# Problem description
Using the data that follows, give again word for word the lines between the one holding "Závěsná koupelnová skříňka" and the one holding "Press the submit", inclusive. Omit the pictures.

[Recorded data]

==================================================

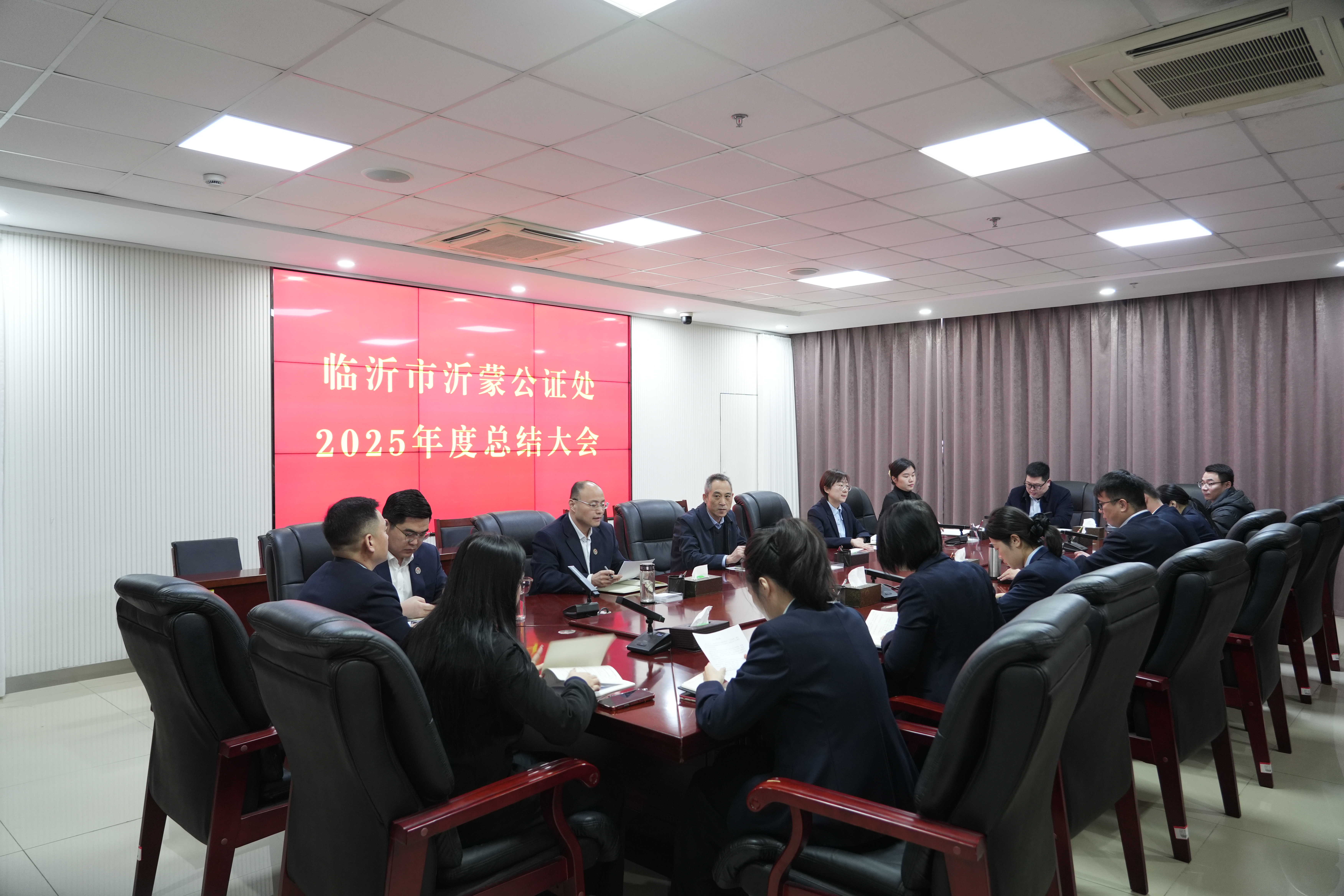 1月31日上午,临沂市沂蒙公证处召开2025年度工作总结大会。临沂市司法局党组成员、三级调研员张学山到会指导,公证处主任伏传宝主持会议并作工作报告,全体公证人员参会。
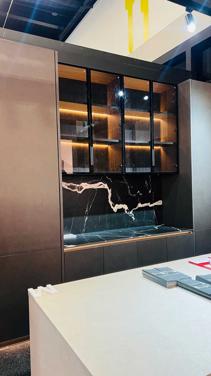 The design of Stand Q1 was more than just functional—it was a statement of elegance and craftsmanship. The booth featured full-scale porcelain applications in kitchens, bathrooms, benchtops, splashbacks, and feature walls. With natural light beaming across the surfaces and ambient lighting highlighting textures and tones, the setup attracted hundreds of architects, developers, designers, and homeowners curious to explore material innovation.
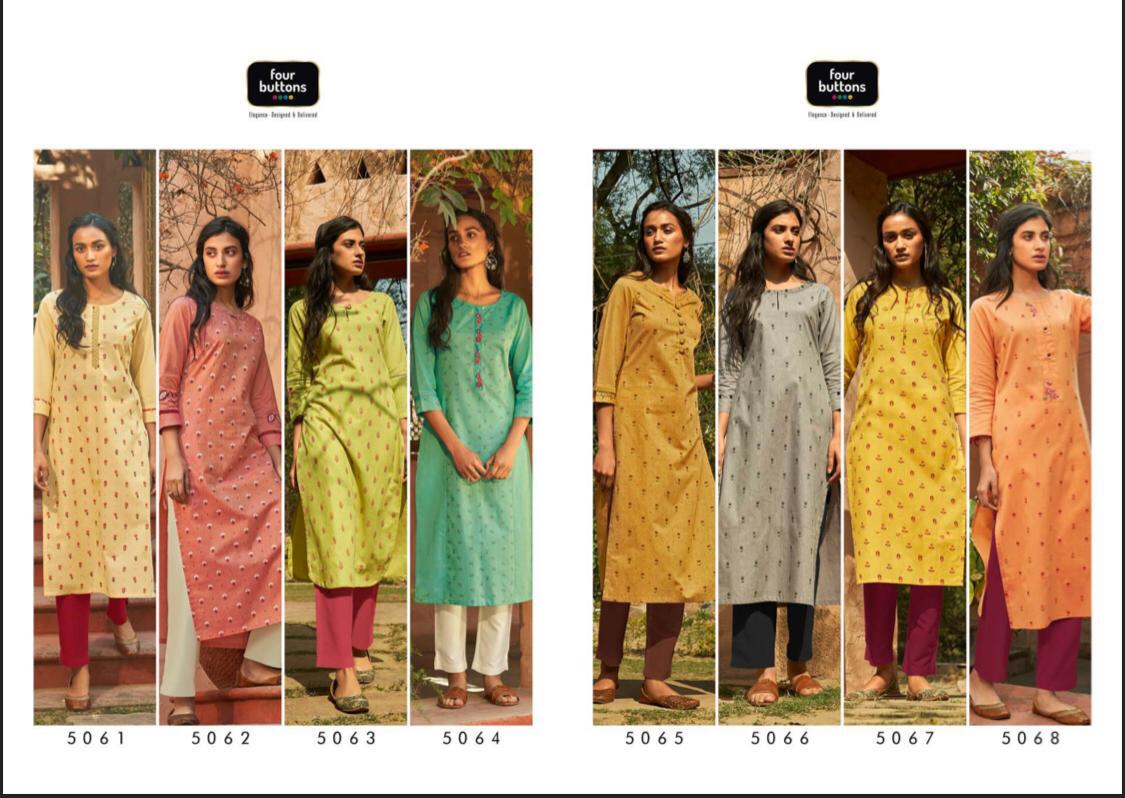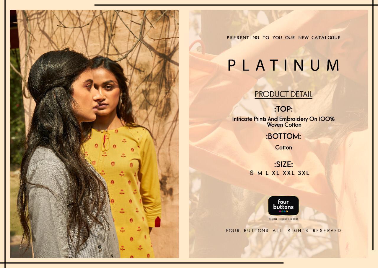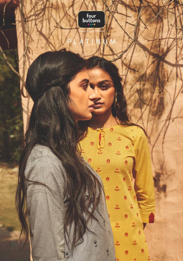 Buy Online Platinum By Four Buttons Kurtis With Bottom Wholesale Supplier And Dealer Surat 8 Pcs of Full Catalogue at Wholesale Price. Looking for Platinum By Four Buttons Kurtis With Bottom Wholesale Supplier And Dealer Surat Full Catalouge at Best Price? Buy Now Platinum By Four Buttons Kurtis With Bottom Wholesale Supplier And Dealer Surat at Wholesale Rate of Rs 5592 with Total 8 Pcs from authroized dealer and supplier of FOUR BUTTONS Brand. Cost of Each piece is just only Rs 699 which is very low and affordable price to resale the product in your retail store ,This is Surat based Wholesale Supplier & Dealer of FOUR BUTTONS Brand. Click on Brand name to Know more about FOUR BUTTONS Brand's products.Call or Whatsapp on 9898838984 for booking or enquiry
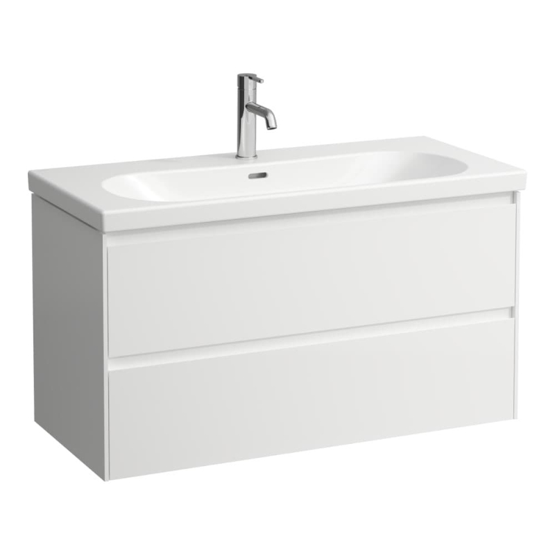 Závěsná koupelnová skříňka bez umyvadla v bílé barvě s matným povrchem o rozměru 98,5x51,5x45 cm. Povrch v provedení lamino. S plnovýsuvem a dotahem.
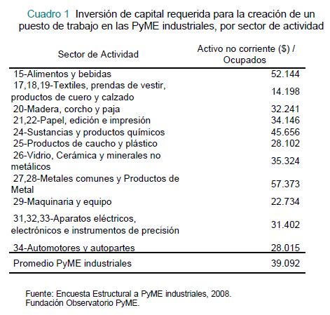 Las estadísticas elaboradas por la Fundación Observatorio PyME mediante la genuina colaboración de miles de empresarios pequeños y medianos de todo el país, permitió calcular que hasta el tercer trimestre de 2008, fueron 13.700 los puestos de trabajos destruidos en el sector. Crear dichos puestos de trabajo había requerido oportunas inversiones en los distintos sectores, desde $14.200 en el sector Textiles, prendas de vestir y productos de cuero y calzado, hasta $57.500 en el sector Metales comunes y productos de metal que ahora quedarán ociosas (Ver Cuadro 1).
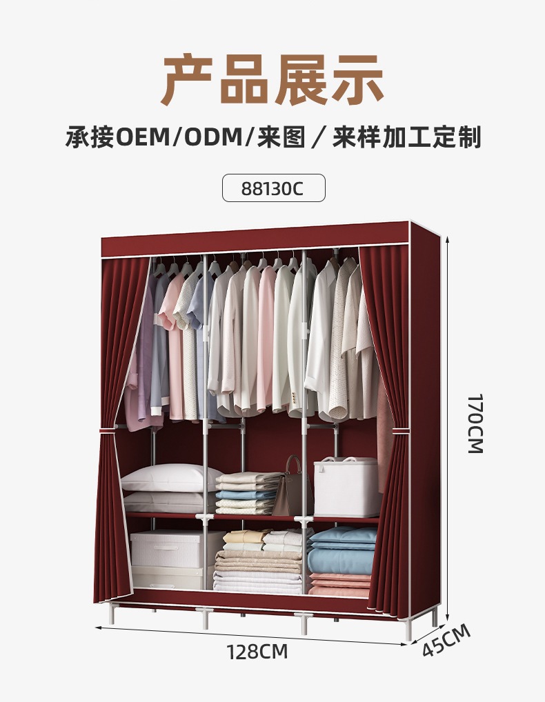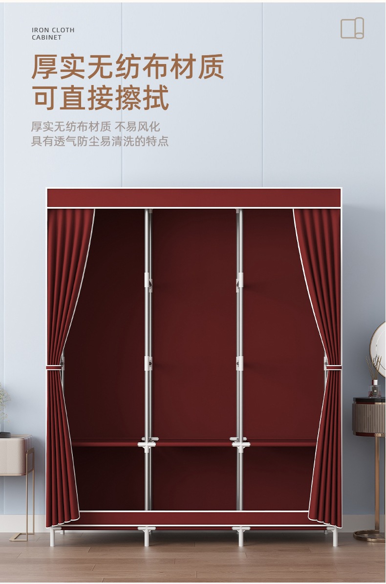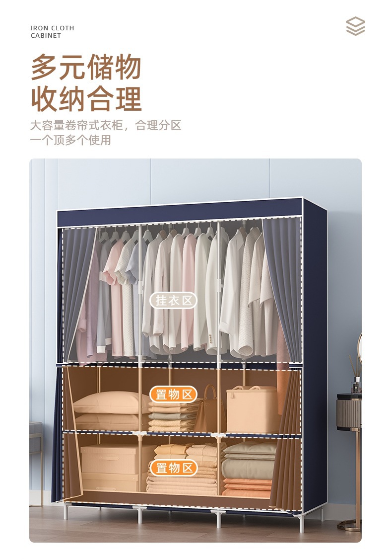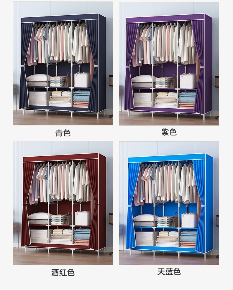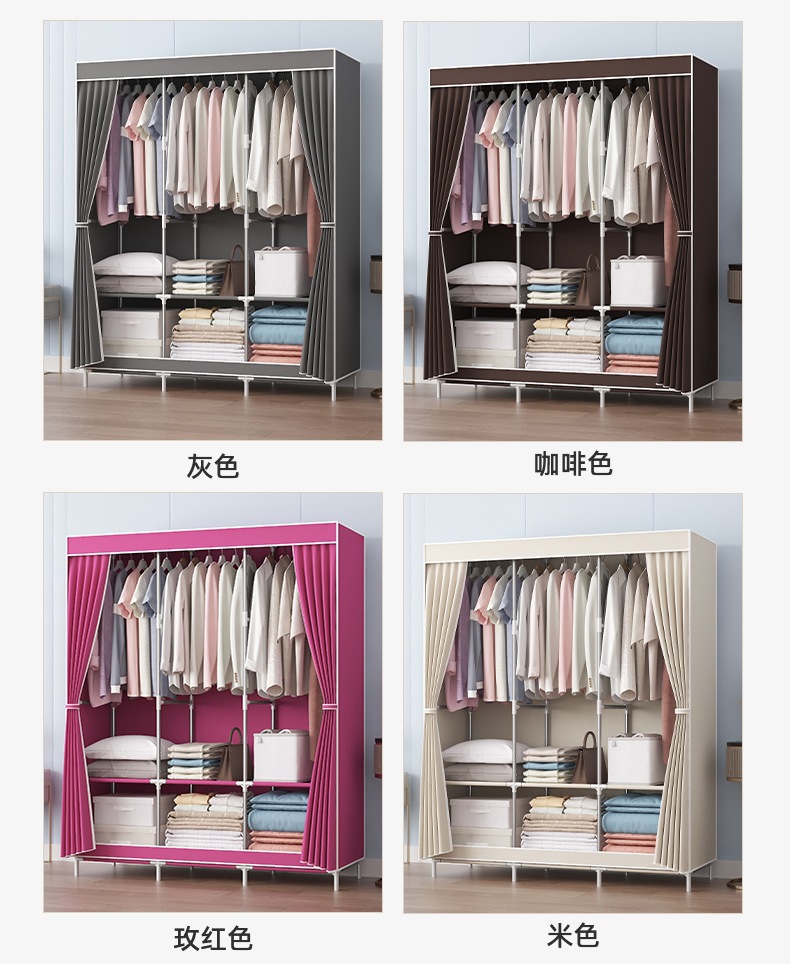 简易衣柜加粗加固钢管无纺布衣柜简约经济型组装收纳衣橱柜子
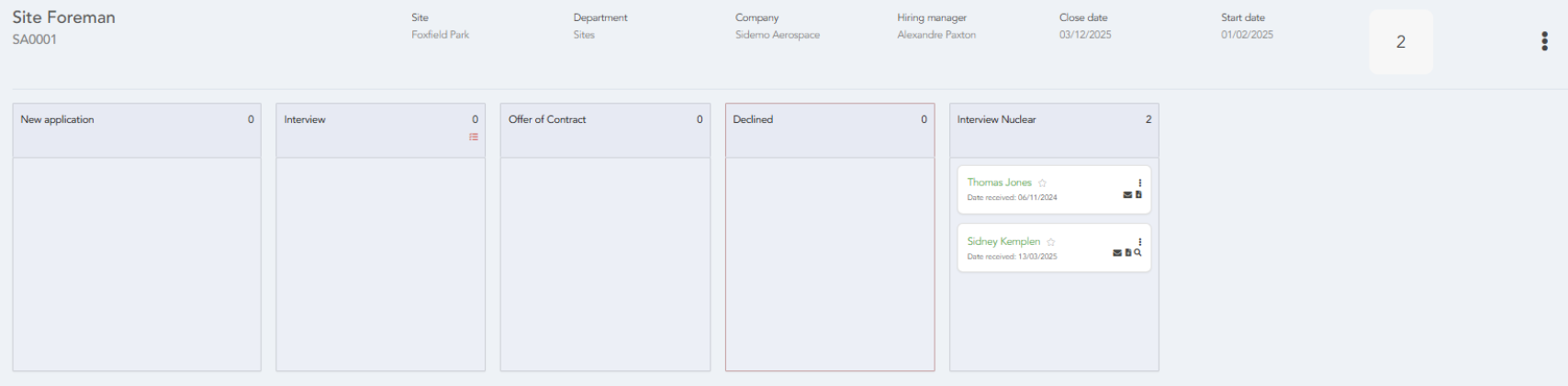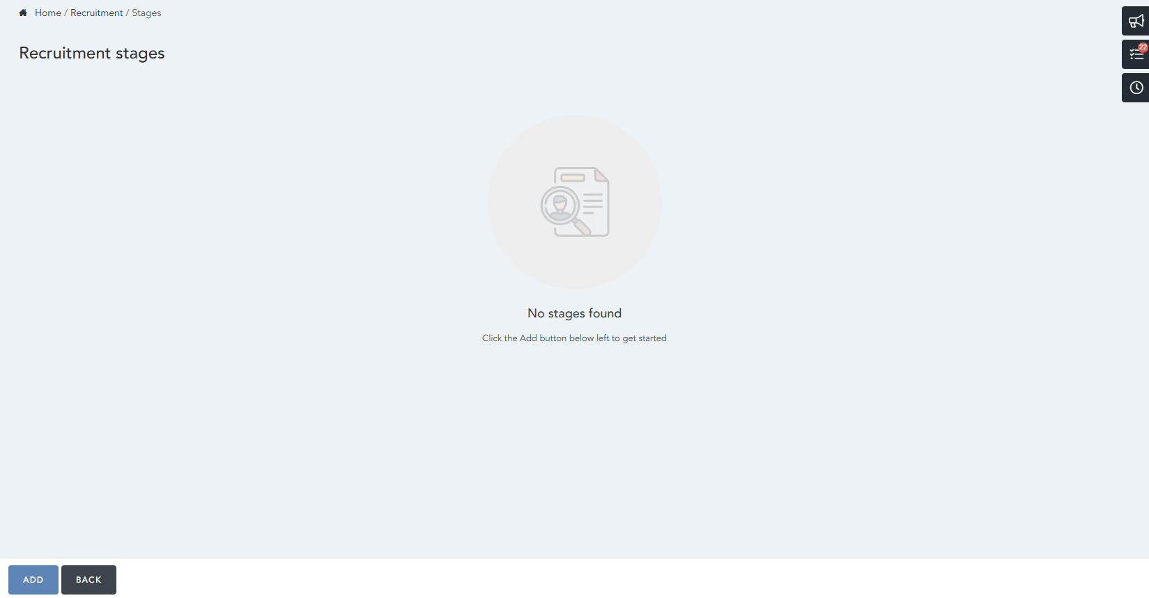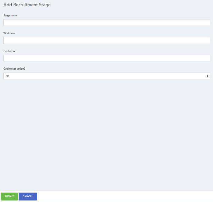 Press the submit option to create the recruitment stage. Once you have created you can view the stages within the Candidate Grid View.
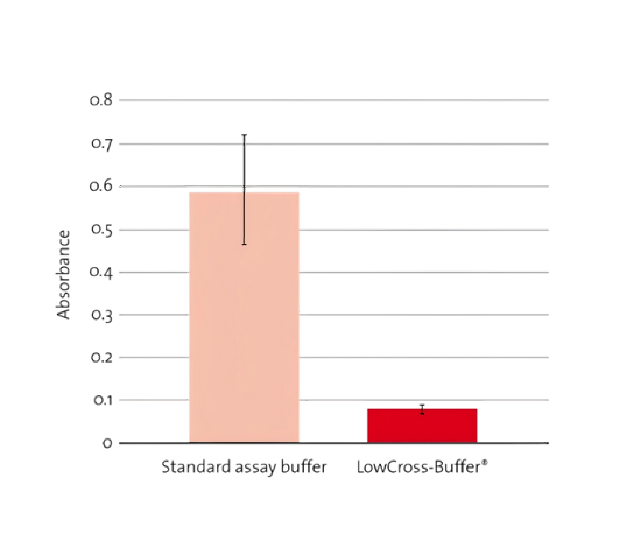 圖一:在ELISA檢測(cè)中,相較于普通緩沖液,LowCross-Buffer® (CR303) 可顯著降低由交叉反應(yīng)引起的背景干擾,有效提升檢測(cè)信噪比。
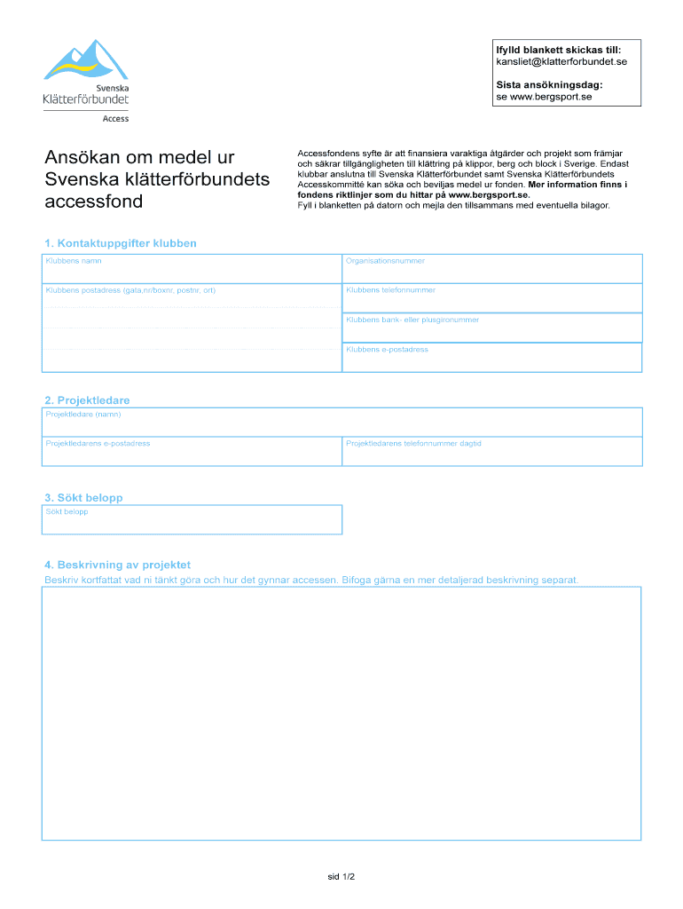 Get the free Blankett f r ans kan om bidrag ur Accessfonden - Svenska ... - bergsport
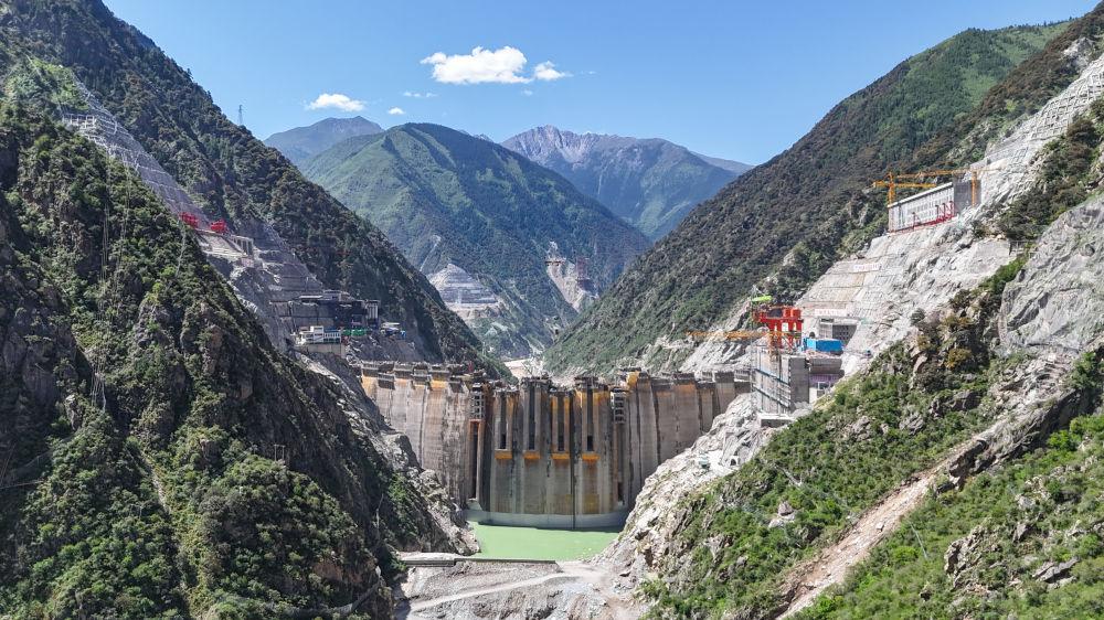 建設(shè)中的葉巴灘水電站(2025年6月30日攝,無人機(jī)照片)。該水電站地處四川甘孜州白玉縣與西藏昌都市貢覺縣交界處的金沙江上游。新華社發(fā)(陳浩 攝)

==================================================

# Written response
 Závěsná koupelnová skříňka bez umyvadla v bílé barvě s matným povrchem o rozměru 98,5x51,5x45 cm. Povrch v provedení lamino. S plnovýsuvem a dotahem.
 Las estadísticas elaboradas por la Fundación Observatorio PyME mediante la genuina colaboración de miles de empresarios pequeños y medianos de todo el país, permitió calcular que hasta el tercer trimestre de 2008, fueron 13.700 los puestos de trabajos destruidos en el sector. Crear dichos puestos de trabajo había requerido oportunas inversiones en los distintos sectores, desde $14.200 en el sector Textiles, prendas de vestir y productos de cuero y calzado, hasta $57.500 en el sector Metales comunes y productos de metal que ahora quedarán ociosas (Ver Cuadro 1).
 简易衣柜加粗加固钢管无纺布衣柜简约经济型组装收纳衣橱柜子
 Press the submit option to create the recruitment stage. Once you have created you can view the stages within the Candidate Grid View.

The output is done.